# Rye Starter (For Bread)



## BGKYSmoker (Apr 19, 2021)

Said goodbye to a couple of my starters so i can make a rye starter.

I use Bobs red mill AP and rye. For my bread i use RM Artisan flour
Others i use King Arthur whole wheat, white whole wheat and bread flour

I made this rye 24 hours ago.







Discard and saved 75g in a new jar.
Added 50g rye and 50g unbleached AP and 115g, 80* filtered water.


----------



## PPG1 (Apr 19, 2021)

From your Headline (Rye Starter) I got excited and though we were getting a new "Shine Recipe".  LOL


----------



## BrianGSDTexoma (Apr 20, 2021)

Looking good.  I did a rye last week.  That yeast loves that stuff!  I am going to start using just dried now and see how that goes.  I just don't bake much and only takes couple days to get ready.


----------



## HalfSmoked (Apr 20, 2021)

Looking good must be that warm Florida air.

Warren


----------



## BGKYSmoker (Apr 20, 2021)

Heard a flop tink.

Took the glass lid right off.

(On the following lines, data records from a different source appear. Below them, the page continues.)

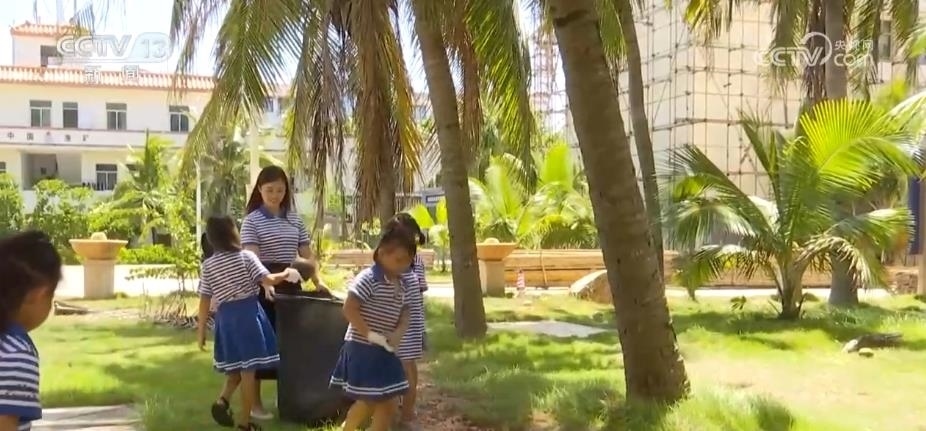每周三的下午,海南三沙市永興學校的孩子們都會迎來他們的愛島日活動,這位帶著孩子們撿拾垃圾的老師就是吳泉穗。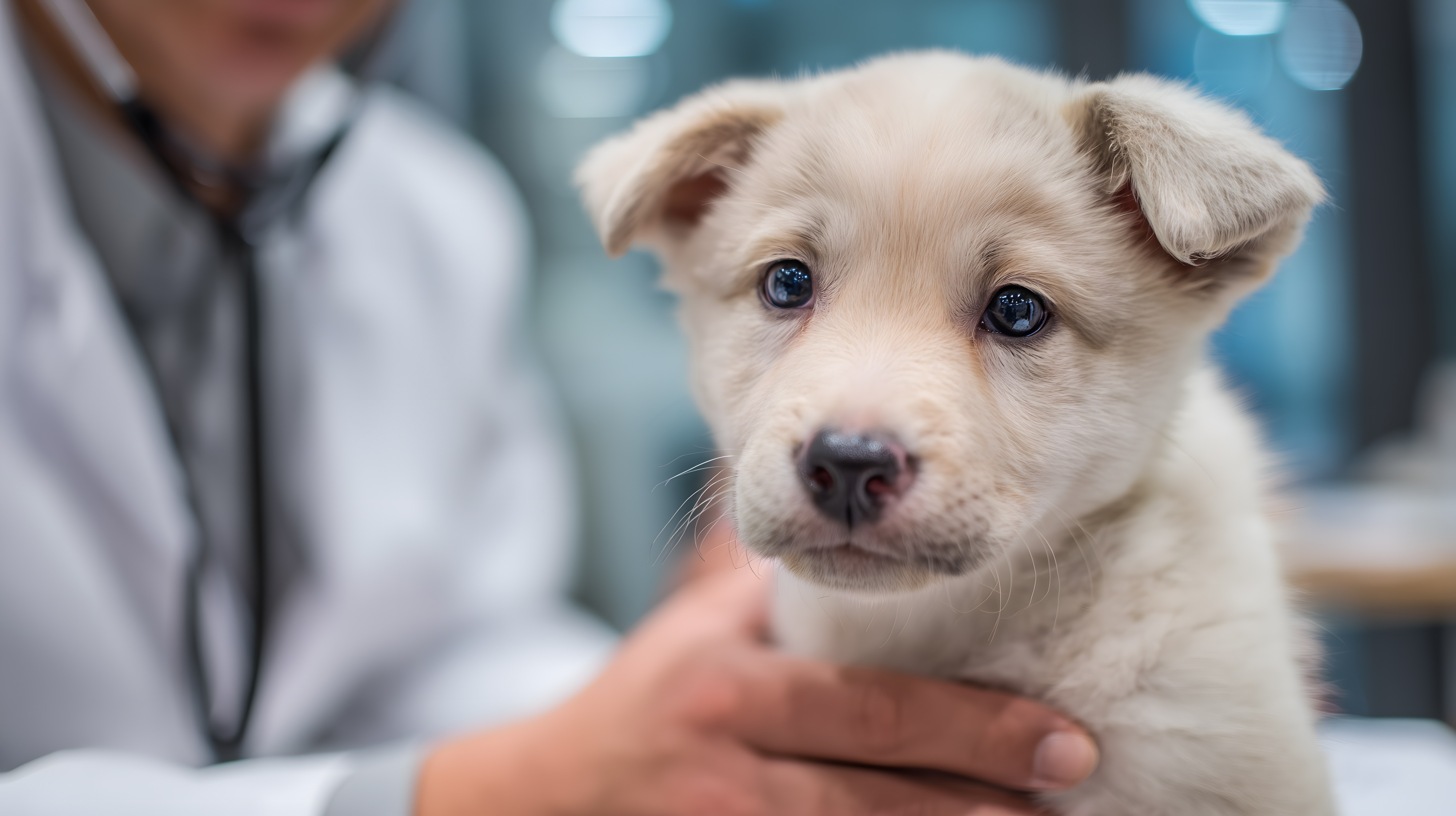 Dieses charmante Foto zeigt einen süßen, weißen Welpen, der bei einer Untersuchung beim Tierarzt ist. Der Hund blickt mit seinen großen, blauen Augen direkt in die Kamera und hat einen vertrauensvollen Gesichtsausdruck. Das Bild ist in einer sanften, pastelligen Farbpalette gehalten, was dem Motiv eine beruhigende und harmonische Atmosphäre verleiht. Das Foto eignet sich hervorragend für den Einsatz in Blogs, Newslettern oder Sozialen Medien rund um Haustiere, Tierwohl und Veterinärmedizin. Als kostenloses Stockfoto in hoher Auflösung und unter Creative-Commons-Lizenz ist es frei verwendbar.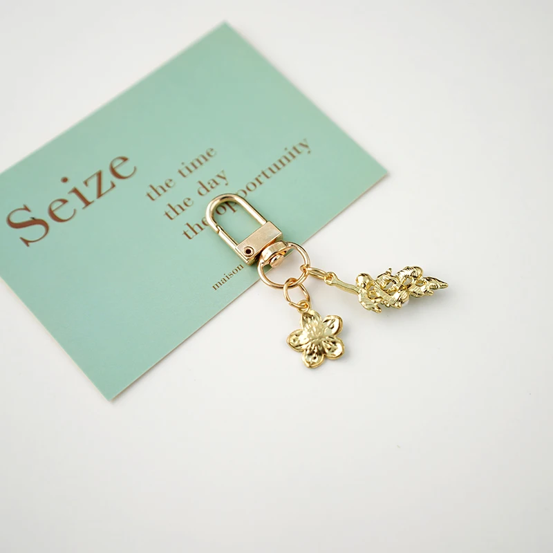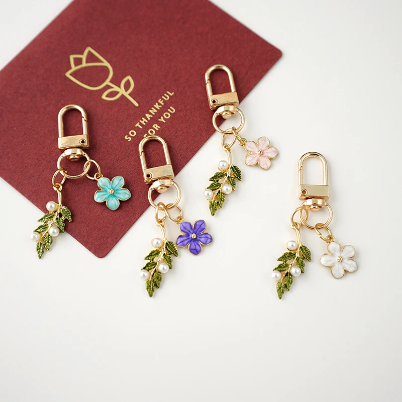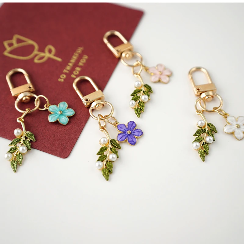 Sunflower Flowers Glass Green Leaf Keychain For Women Trinket Key Chains Ring Car Bag Pendent Charm AirPods Accessories x284

Have a bowl under it now.

Volcano.


----------



## HalfSmoked (Apr 20, 2021)

Rye whiskey rye whiskey.    

Warren


----------



## BGKYSmoker (Apr 20, 2021)

HalfSmoked said:


> Rye whiskey rye whiskey.
> 
> Warren


I almost ryed in my beer.


----------



## BGKYSmoker (Apr 20, 2021)

Doing a second jar.
This time some cheesecloth to see how much wild yeast it can pick up.


----------



## HalfSmoked (Apr 20, 2021)

Thanks for the like PPG1 it is appreciated.

Warren


----------